##### DATASET EXCERPTS #####

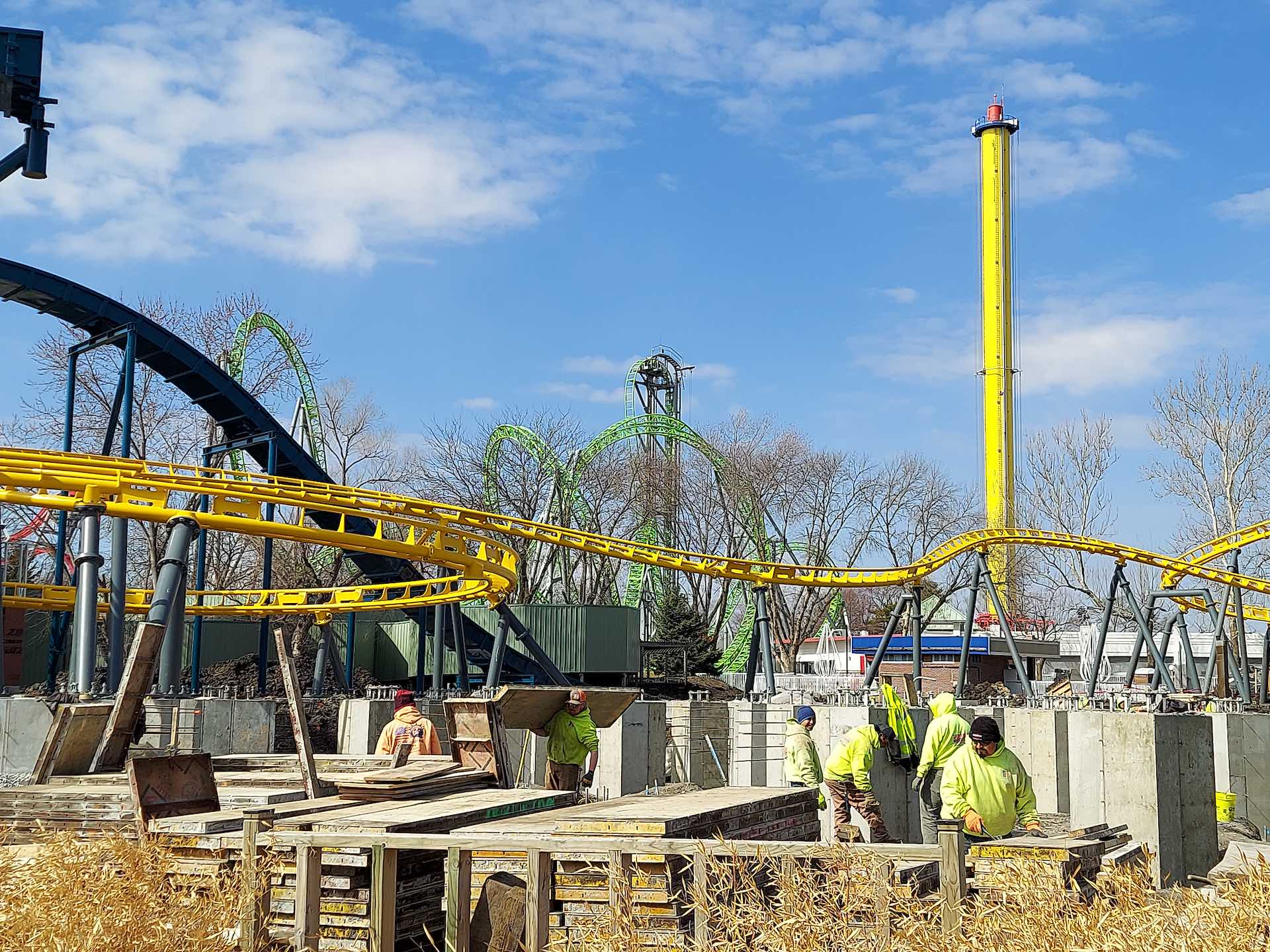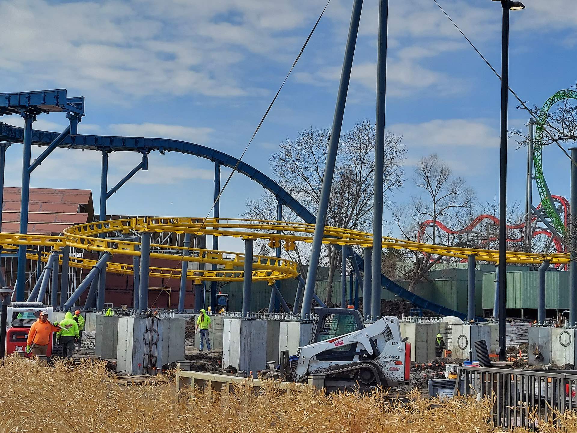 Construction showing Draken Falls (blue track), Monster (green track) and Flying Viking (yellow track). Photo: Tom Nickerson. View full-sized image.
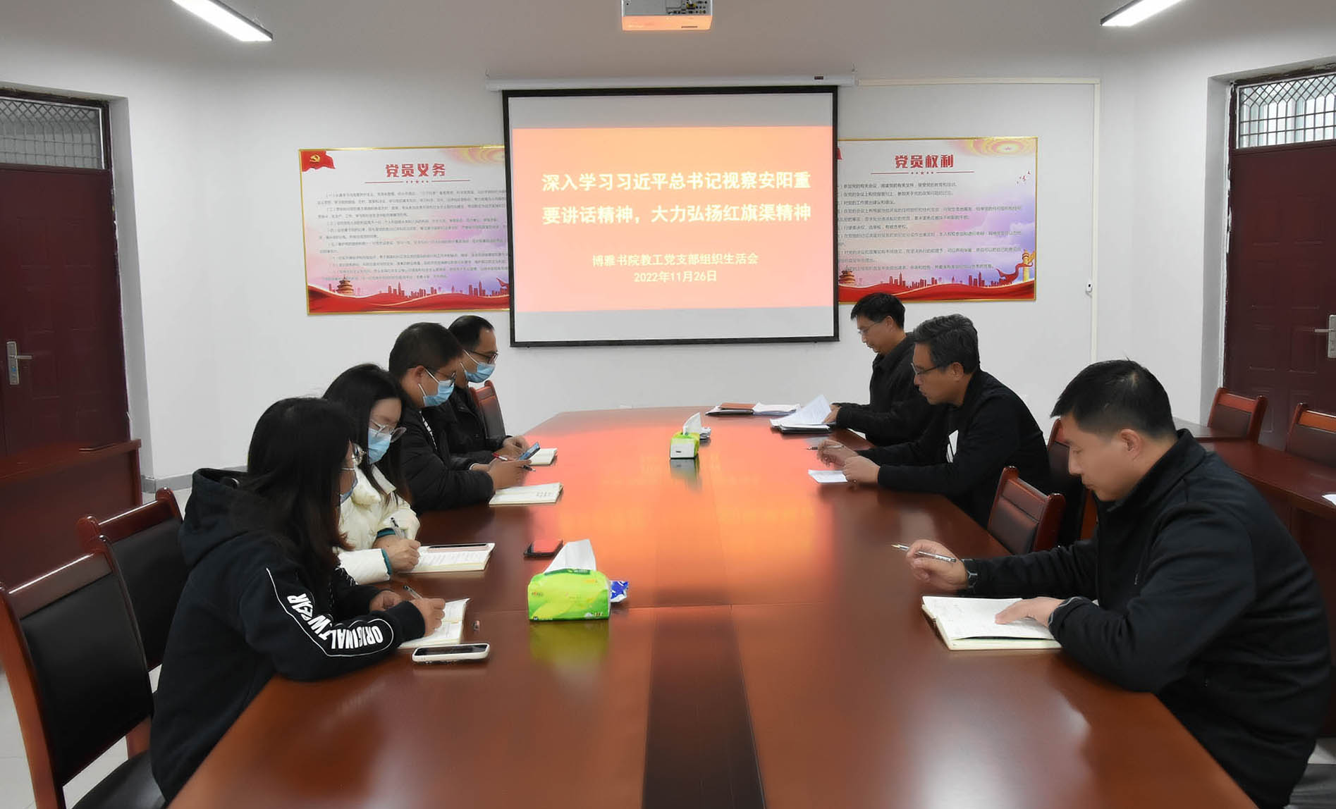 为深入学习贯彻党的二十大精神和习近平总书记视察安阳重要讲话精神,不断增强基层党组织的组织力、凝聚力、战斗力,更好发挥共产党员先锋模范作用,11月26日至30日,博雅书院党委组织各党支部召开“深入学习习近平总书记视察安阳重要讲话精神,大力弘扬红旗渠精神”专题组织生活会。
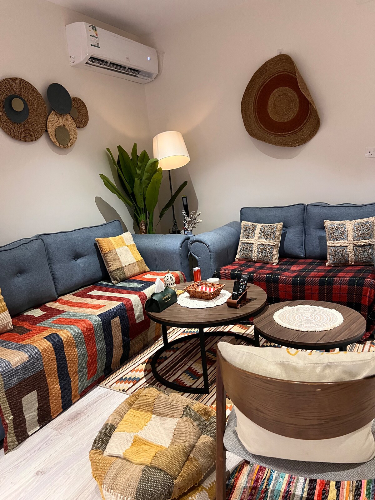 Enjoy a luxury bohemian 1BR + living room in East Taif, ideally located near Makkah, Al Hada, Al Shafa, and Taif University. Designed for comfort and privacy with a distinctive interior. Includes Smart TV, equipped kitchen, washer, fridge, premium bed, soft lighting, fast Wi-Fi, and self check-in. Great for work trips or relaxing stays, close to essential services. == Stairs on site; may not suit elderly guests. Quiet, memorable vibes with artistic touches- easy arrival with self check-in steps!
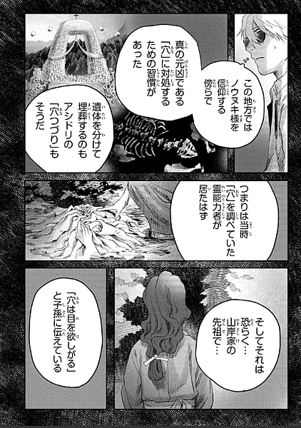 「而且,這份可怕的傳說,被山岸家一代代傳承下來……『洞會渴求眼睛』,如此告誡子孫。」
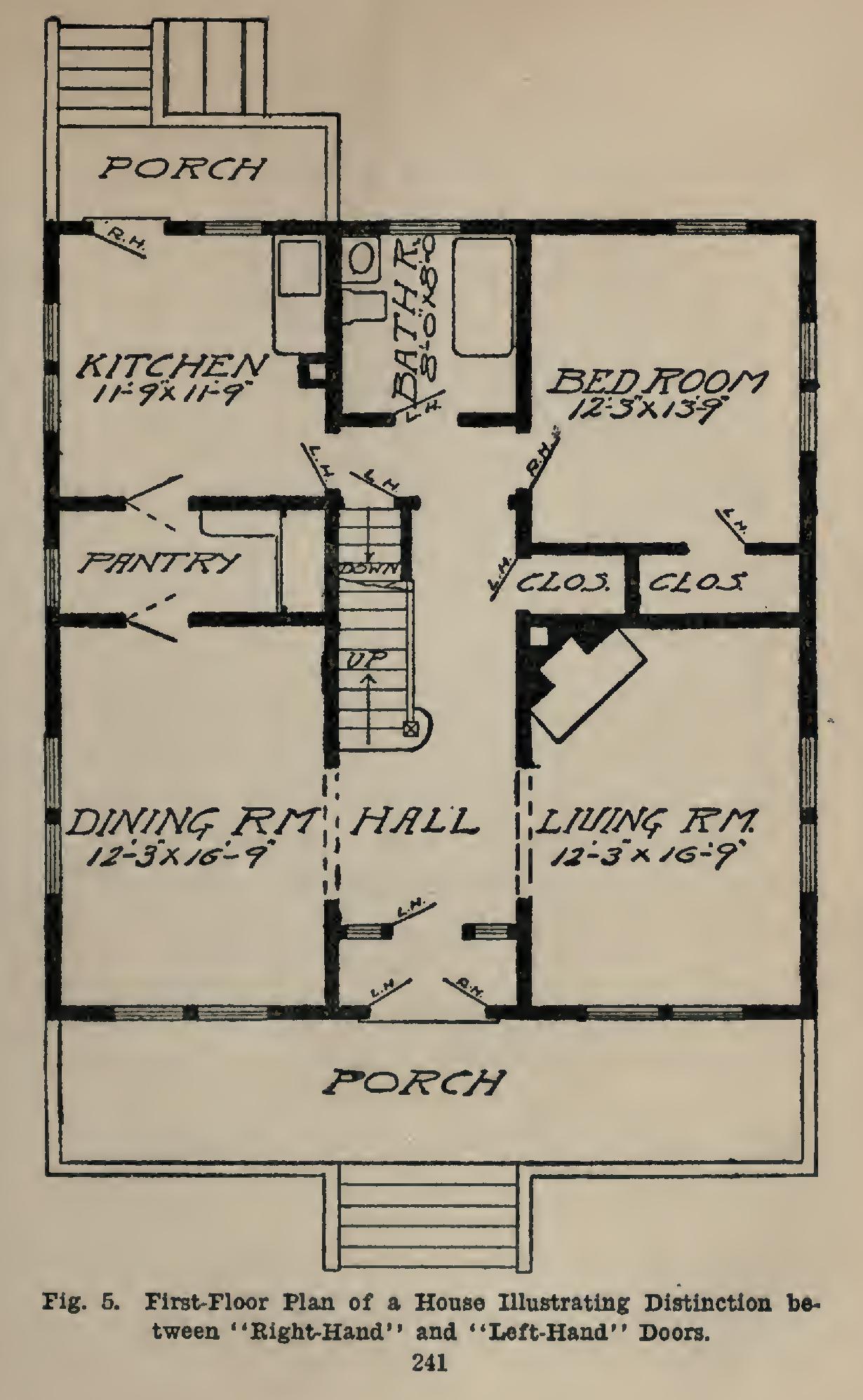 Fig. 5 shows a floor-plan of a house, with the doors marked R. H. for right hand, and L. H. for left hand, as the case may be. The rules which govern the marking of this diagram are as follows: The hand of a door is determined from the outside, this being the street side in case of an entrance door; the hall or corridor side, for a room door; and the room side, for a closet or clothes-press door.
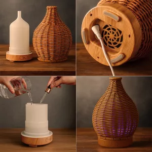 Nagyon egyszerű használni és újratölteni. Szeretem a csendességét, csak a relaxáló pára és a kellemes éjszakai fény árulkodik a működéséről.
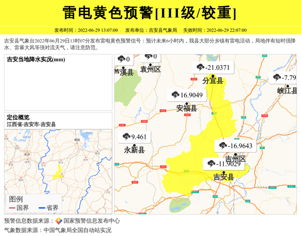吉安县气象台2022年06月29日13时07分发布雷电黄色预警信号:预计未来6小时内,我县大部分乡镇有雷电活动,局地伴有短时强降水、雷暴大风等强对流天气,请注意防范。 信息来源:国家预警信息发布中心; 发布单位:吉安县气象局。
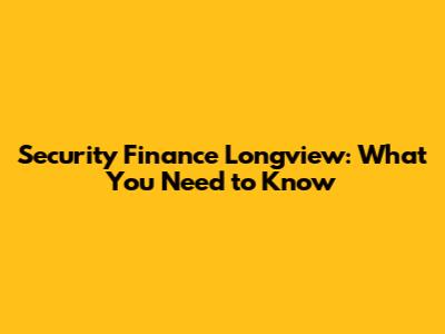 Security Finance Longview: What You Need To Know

#####

→ WHAT NEEDS TO BE DONE
In transcribing the listing, keep each word as it is and drop the pictures.

→ SOLUTION BELOW
 Construction showing Draken Falls (blue track), Monster (green track) and Flying Viking (yellow track). Photo: Tom Nickerson. View full-sized image.
 为深入学习贯彻党的二十大精神和习近平总书记视察安阳重要讲话精神,不断增强基层党组织的组织力、凝聚力、战斗力,更好发挥共产党员先锋模范作用,11月26日至30日,博雅书院党委组织各党支部召开“深入学习习近平总书记视察安阳重要讲话精神,大力弘扬红旗渠精神”专题组织生活会。
 Enjoy a luxury bohemian 1BR + living room in East Taif, ideally located near Makkah, Al Hada, Al Shafa, and Taif University. Designed for comfort and privacy with a distinctive interior. Includes Smart TV, equipped kitchen, washer, fridge, premium bed, soft lighting, fast Wi-Fi, and self check-in. Great for work trips or relaxing stays, close to essential services. == Stairs on site; may not suit elderly guests. Quiet, memorable vibes with artistic touches- easy arrival with self check-in steps!
 「而且,這份可怕的傳說,被山岸家一代代傳承下來……『洞會渴求眼睛』,如此告誡子孫。」
 Fig. 5 shows a floor-plan of a house, with the doors marked R. H. for right hand, and L. H. for left hand, as the case may be. The rules which govern the marking of this diagram are as follows: The hand of a door is determined from the outside, this being the street side in case of an entrance door; the hall or corridor side, for a room door; and the room side, for a closet or clothes-press door.
 Nagyon egyszerű használni és újratölteni. Szeretem a csendességét, csak a relaxáló pára és a kellemes éjszakai fény árulkodik a működéséről.
吉安县气象台2022年06月29日13时07分发布雷电黄色预警信号:预计未来6小时内,我县大部分乡镇有雷电活动,局地伴有短时强降水、雷暴大风等强对流天气,请注意防范。 信息来源:国家预警信息发布中心; 发布单位:吉安县气象局。
 Security Finance Longview: What You Need To Know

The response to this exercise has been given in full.